*** Opening of INFORMATION SUPPLIED ***
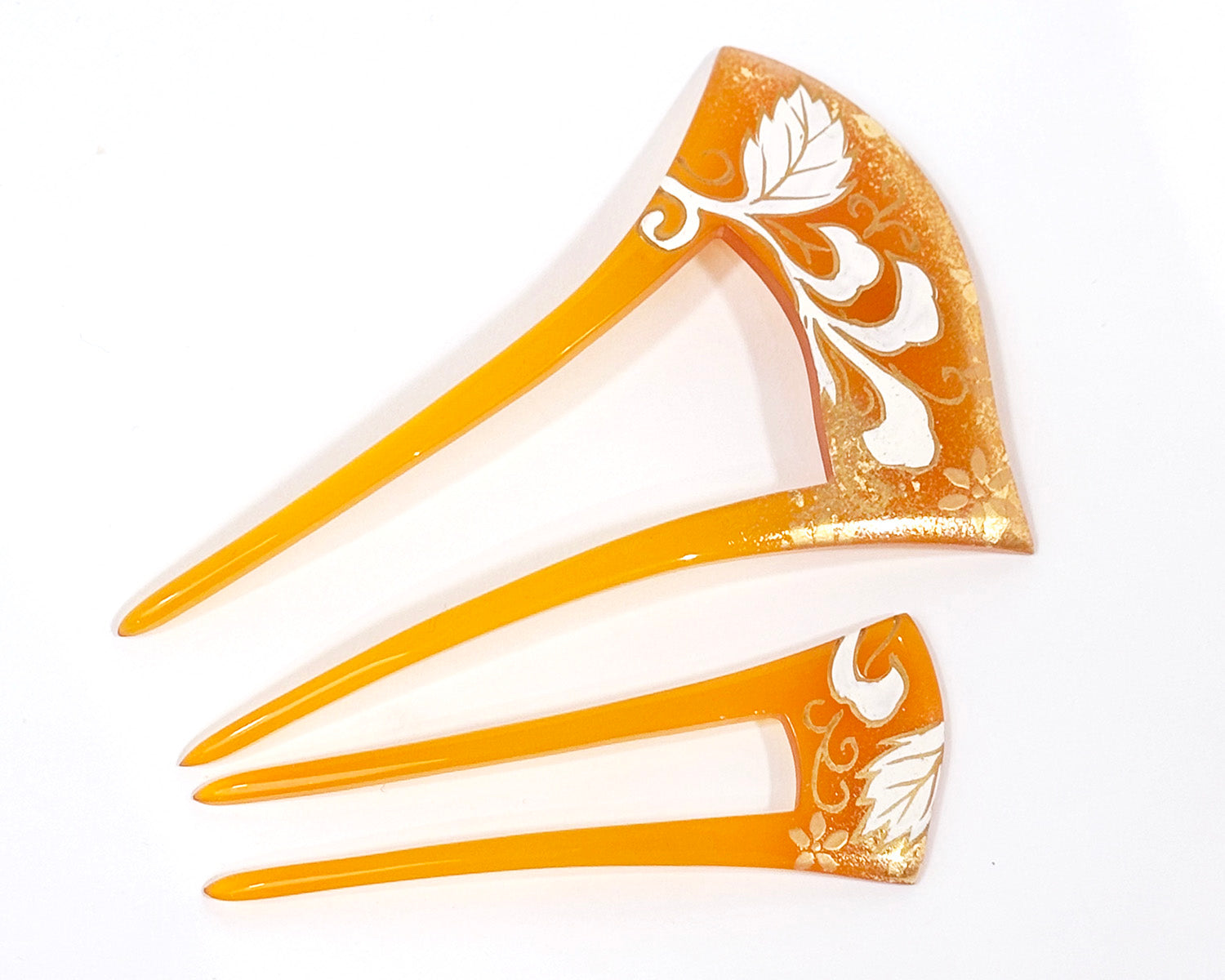 華やかなべっ甲風バチ型のかんざし2本セットです。
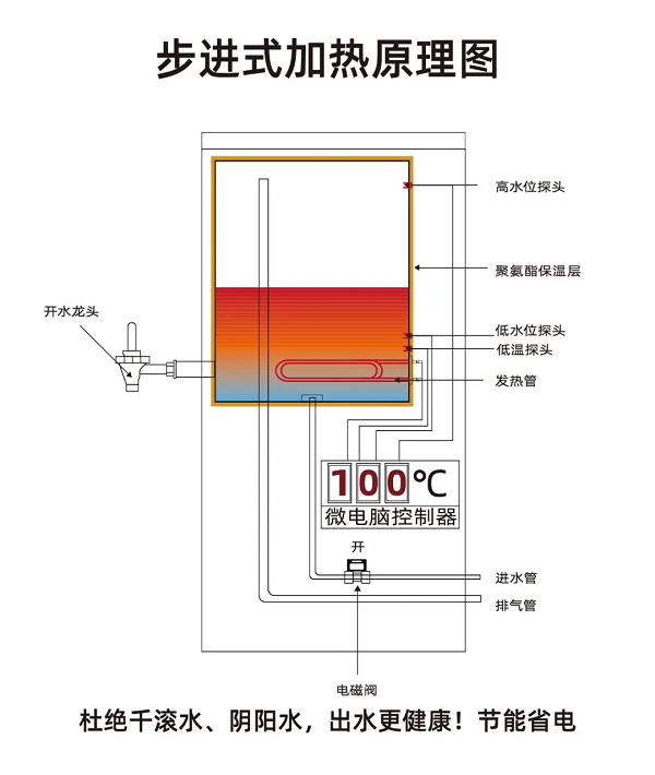 此次用于陜西省寶雞市鳳縣雙石鋪中學的RSD-60K步進式開水器采用步進式加熱技術,多級過濾系統(tǒng)和七重保護功能等,杜絕千滾水、陰陽水,連續(xù)供應開水,節(jié)能省電,出水更健康,使用安全放心。
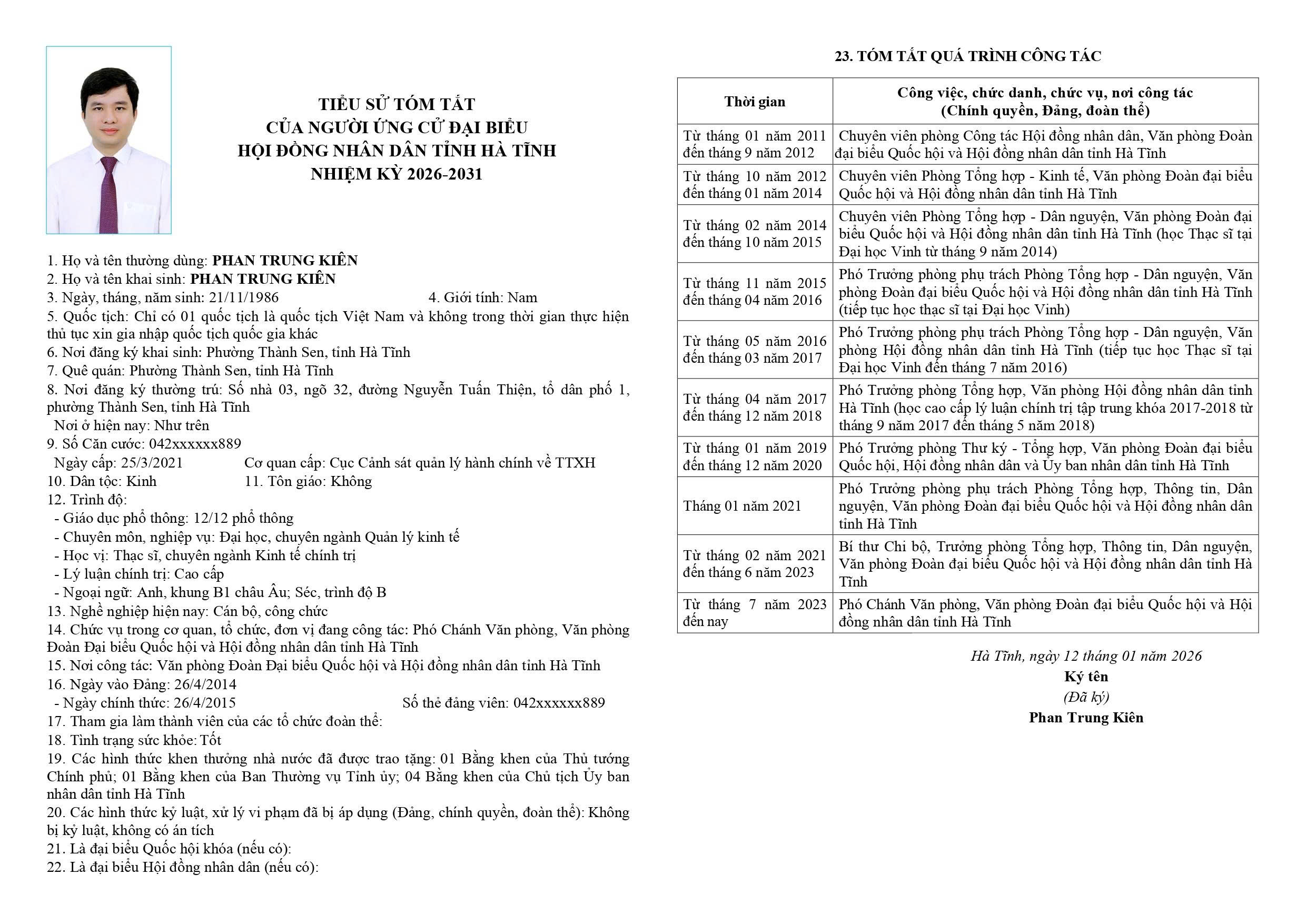 3. Phan Trung Kiên - Phó Chánh Văn phòng, Văn phòng Đoàn đại biểu Quốc hội và Hội đồng nhân dân tỉnh Hà Tĩnh
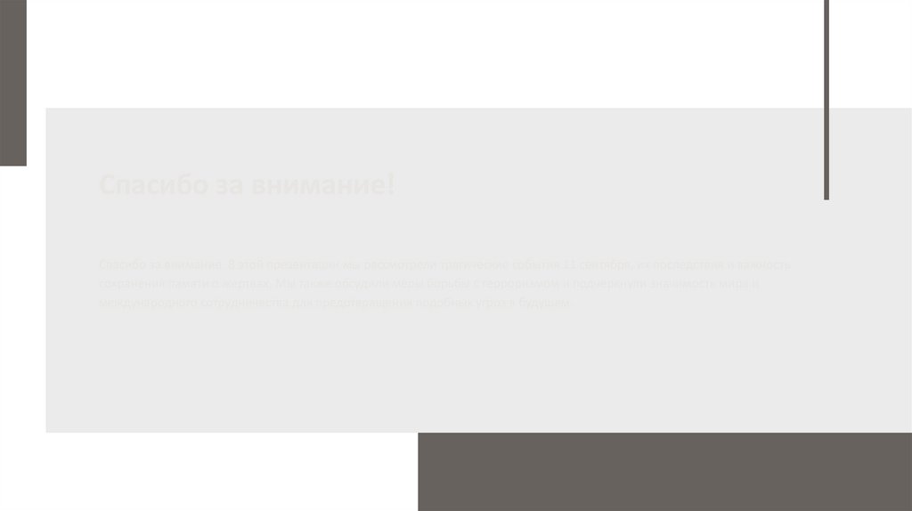 Спасибо за внимание!Спасибо за внимание. В этой презентации мы рассмотрели трагические события 11 сентября, их последствия и важность
*** Close of INFORMATION SUPPLIED ***
### WHAT IS REQUIRED
Take the listing above and restate it word for word, without its pictures.

### RESPONSE TO THIS EXERCISE
 華やかなべっ甲風バチ型のかんざし2本セットです。
 此次用于陜西省寶雞市鳳縣雙石鋪中學的RSD-60K步進式開水器采用步進式加熱技術,多級過濾系統(tǒng)和七重保護功能等,杜絕千滾水、陰陽水,連續(xù)供應開水,節(jié)能省電,出水更健康,使用安全放心。
 3. Phan Trung Kiên - Phó Chánh Văn phòng, Văn phòng Đoàn đại biểu Quốc hội và Hội đồng nhân dân tỉnh Hà Tĩnh
 Спасибо за внимание!Спасибо за внимание. В этой презентации мы рассмотрели трагические события 11 сентября, их последствия и важность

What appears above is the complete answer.